Mr and Mrs Penry-Evans had followed Lewis’ example, explaining they had left London at eight that morning and hadn’t stopped even for a cup of tea.
‘We were following the Great West Road had meant to stop at Stonehenge,’ Violet said, ‘even though I often think it an unwelcoming place, but we found it somewhat overrun with certain undesirable individuals and so we decided to carry on to Devizes and stop here – a rather impromptu decision, and hardly on our route, but worth, I think, the detour, don’t you, Tom?’ she added, petting the hand of her partner.
‘Undesirable?’ asked Lewis.
‘Yes; a group of fascists - they’d passed us after we had left London, they were on motorcycles, driving like devils and nearly forcing us off the road. They had armbands on, with the BUF logo on it – how dare they use the colours of our flag to create that damn abomination!’

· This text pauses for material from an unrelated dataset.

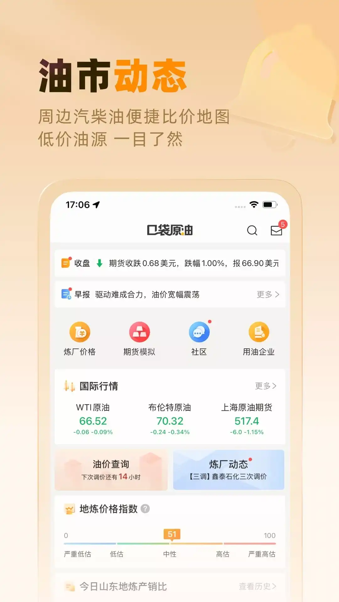 口袋原油是专注于能源石化行业的资讯信息平台,为您提供国际原油、美原油、布伦特原油、账户原油、国际现货、全球指数、大宗商品、上海能源、贵金属指数等国内外原油市场行情报价,以及成品油相关炼厂报价与全国各省汽油、柴油批发零售限价,同时还为您提供石油相关实时资讯、库存信息。我们始终以用户体验为首位,致力于打造能化行业新生态,帮助石化企业、贸易商、加油站等行业用户把握市场机会,降低交易成本,做好经营决策。 特色功能 【行情自选】:支持国内外全市场品种,原油行情,一应俱全 【资讯新闻】:7x24小时实时新闻资讯,市场动态,尽在掌握 【原油库存】:同步美国EIA原油库存信息,原油走势,快人一步 【炼厂报价】:同步主营、地方炼厂报价,价格变动,随时可查 【批零限价】:同步汽油、柴油批发零售限价,政策风向,了如指掌 口袋原油是一款专为国内成品油(汽油、柴油等)产业链用户打造的应用。我们的用户群体包括期货投资者、主营炼厂、地方炼厂、成品油贸易商、加油站、工矿主、建设工地主、物流园区货车主等等,涵盖油品上下游各个环节的讯息,我们提供以下服务: 【行情报价】:提供WTI原油、布伦特原油、上海原油期货等大宗商品期货实时报价和走势,帮助用户及时了解国内外油品市场动态和价格变化 【主营、地炼每日价格】:每日及时更新山东地方炼厂、全国各地主营炼厂出厂价(中石化、中石油、中海油、中化)、每日炼厂调价信息、山东地炼每日产销比、汽柴油各地区每日零售批发限价,让用户更快速、更及时地了解原材料每日价格走势与供需情况 【大宗资讯和市场分析】:提供关于原油、石油及其下游化工相关大宗商品的新资讯和市场分析,帮助用户做出明智的投资决策 【资讯新闻】:7x24小时实时新闻资讯,市场动态,尽在掌握 口袋原油是您了解原油体系和大宗商品市场的绝佳工具,无论您是汽柴油产业链的从业者还是期货交易者,我们都能为您提供准确、实时的数据和资讯,助您把握市场机会,做出明智的决策。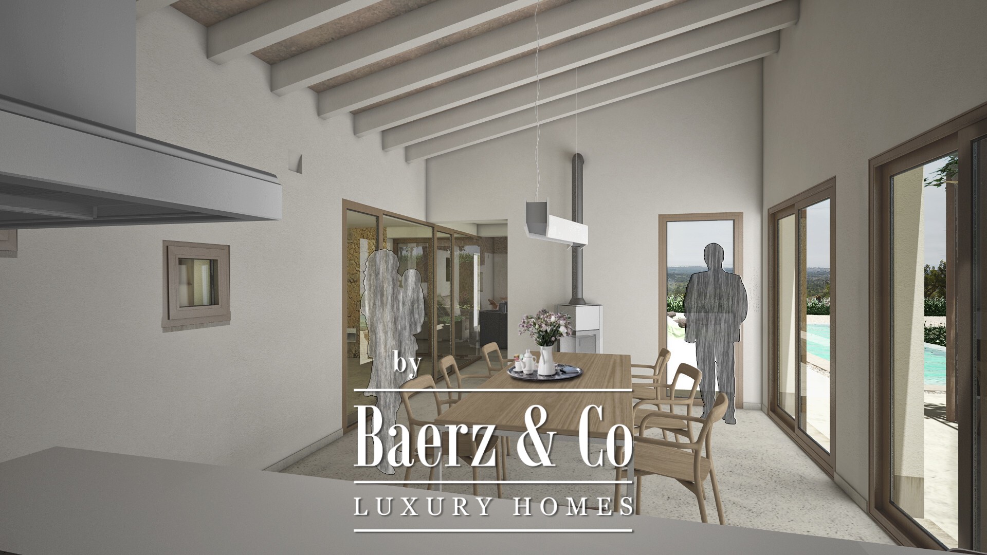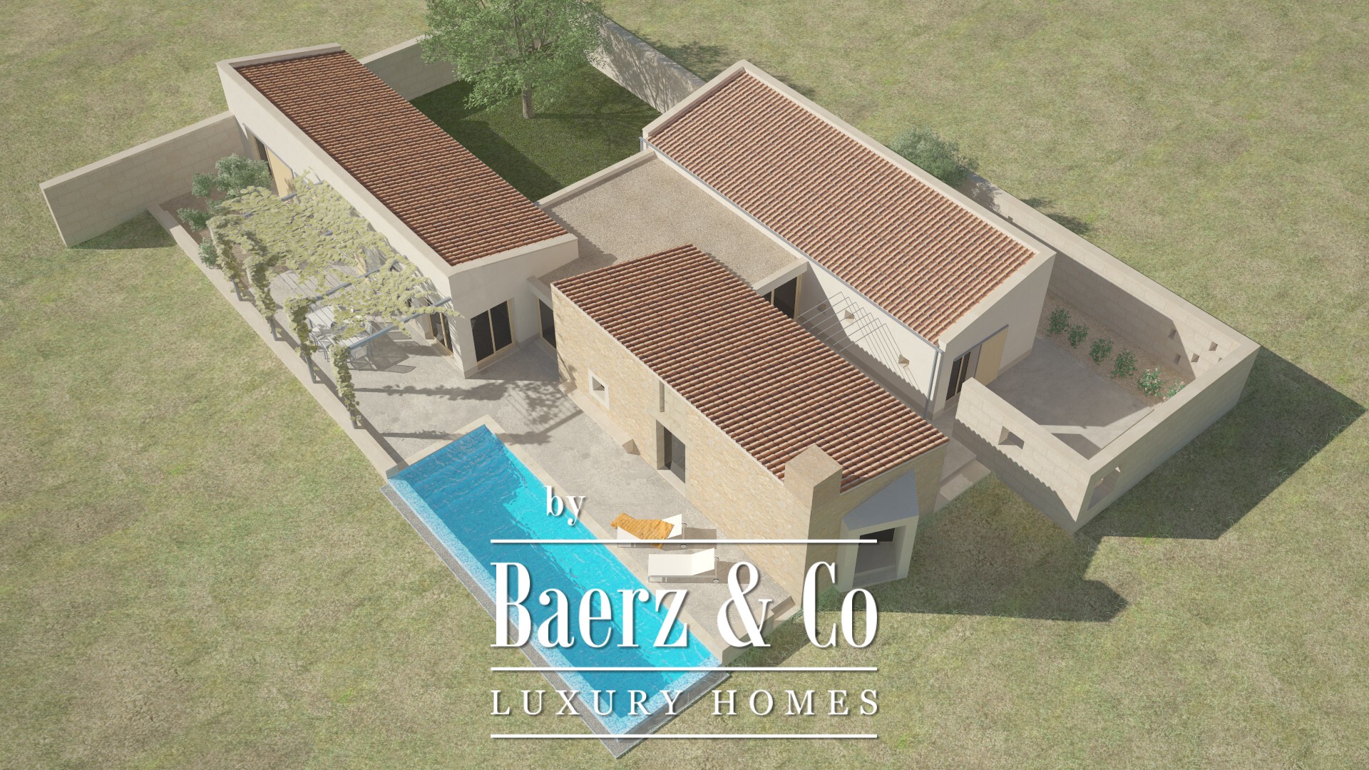 Country house Manacor presents an opportunity set on a substantial 32,500 m² plot, quietly positioned between Manacor and Porto Cristo. This single-storey residence, with 400 m² of living area, is currently under construction and awaits a discerning owner to shape its final aesthetic.

Mr Penry-Evans continued the tale.
‘Well, there must have been nearly a dozen of them, clambering over the stones; Violet wanted to tell them to leave but I didn’t advise it. It is enough to have to deal with that sort of behaviour in London – though things have been better of late since their failed demonstration.’
Mrs Penry-Evans poured herself another strong cup of tea and returned to her ongoing conversation with Tolkien.
‘So you think the serpentine shape of the temple here is what is really meant by the discovery of the fighting dragons in Merlin’s story?’ She asked.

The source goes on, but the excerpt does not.